I'm having a mom moment....

Saturday, January 19, 2013

It's Never Over

So it's Friday night, and I wanted to write a blog because I have been writing freelance stuff all week.  I started this afternoon.  I stared at the flashing cursor thingy (which was totally mocking me, by the way), and I thought "What is wrong with you?  You have written over 14,500 words this week on traumatic brain injury, premise liability, boating safety, and other legal issues.  That was new.  This is YOU.  THIS is your thing!  Write!" 

And still I had nothing.

Sure, I started a few things.  I would write a few words, or a couple of sentences -- I even managed a whole paragraph once -- but I always "backspaced" them away because, well, they sucked.  I was really getting discouraged.  I thought I had lost my blogging mojo. 

I went back and looked at some of my most popular posts and I realized that it wasn't me.  It was my kids.  They were growing up and they weren't doing the same stupid stuff that they used to do.  They weren't shredding the mattress cover or cutting each other's hair or coloring the walls.  My kids are acting more normal and depriving me of great blog material.  No wonder I had nothing. 

Then, as if on cue, the 9 year old proved me wrong.

She was having a friend to spend the night.  We were going to order pizza and watch movies by the fire.  I sent her 2 brothers over to my mom's to hang out until bedtime so they could have girl time (her little sister stayed).  I gave them a snack and I started to watch "Revenge" from last Sunday on the DVR, telling them that we'd order pizza in a half an hour or so.  They went upstairs and I heard giggling and laughing and all was well.

Or so I thought.

Skipping the commercials, it took me 40 minutes to finish my show.  I started upstairs to ask what kind of pizza they wanted, and was met on the stairs by my 9 year old. 

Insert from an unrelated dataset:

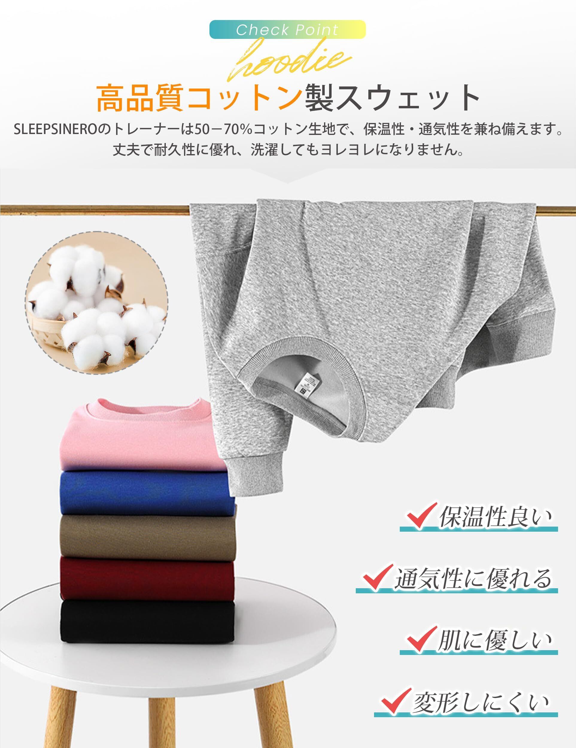 [SLEEPSINERO] トレーナー メンズ スウェット 冬服 【ゆったり体型カバー・着痩せ】 大きいサイズ クルーネック 綿 長袖tシャツ カジュアル コットン 無地 パーカー ベーシック おしゃれ 秋冬春 スポーツ 通勤通学 登山
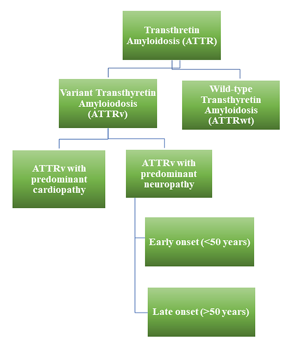 Figure 1 Schematic representation of different types of transthyretin amyloidosis. ATTR: transthyretin amyloidosis; ATTRv: variant transthyretin amyloidosis; ATTRwt: wild-type transthyretin amyloidosis.

"Mom, I have to tell you something."
"What?"
"We were pranking [her big brother] and....and...."(dissolves into tears).
"And what?"
"And I told her not to but she did it anyway."  (More tears)
"Okay.  Hold on.  Take a breath.  Start over."

This is the tale I was told:  My daughter and her friend wanted to "prank" her brother while he was gone.  It started fairly benign with molding clay on his light switch.  Then they decided to spray perfume all over his room.  Again, although incredibly smelly, also fairly benign and easily fixed.  If they had stopped here, we would have had a little scolding, and gone on with our evening of pizza and painted nails and Disney movies. 

But they didn't stop there.

They took his hair gel and squirted under his comforter and all over his sheets.  Sheets I had just washed.  Now it was getting annoying.  I was going to have to rewash his sheets and his comforter and I was going to have to figure out how to make his room smell like a boy again.

Then she told me that her friend had the idea to paint on his wall with glitter nail polish.  (I don't know why, we were not to the whys at this point, we were stuck on the "what-else-did-you-do").  So the friend got the glitter nail polish, even though my daughter told her not to do it.  She didn't come get me.  She took it into her brother's room and painted on the wall.  She still didn't come get me.  She didn't want to get her friend in trouble. 

So instead, she decided to try to fix it.

(SPOILER ALERT: She made it worse.)

My daughter is very artistic.  She received lots of art supplies for Christmas.  So she went into her room and got her acrylic paints and took them to her brother's room to try to paint over what her friend had done with the nail polish.  Now, to her credit, she expertly mixed about 6 different colors and matched her brother's wall color almost perfectly.  Not that it mattered, since her brother's room is painted with a satin finish, and she was using acrylics.  What did matter, was that in the process of all of this mixing, she got paint all over the carpet. 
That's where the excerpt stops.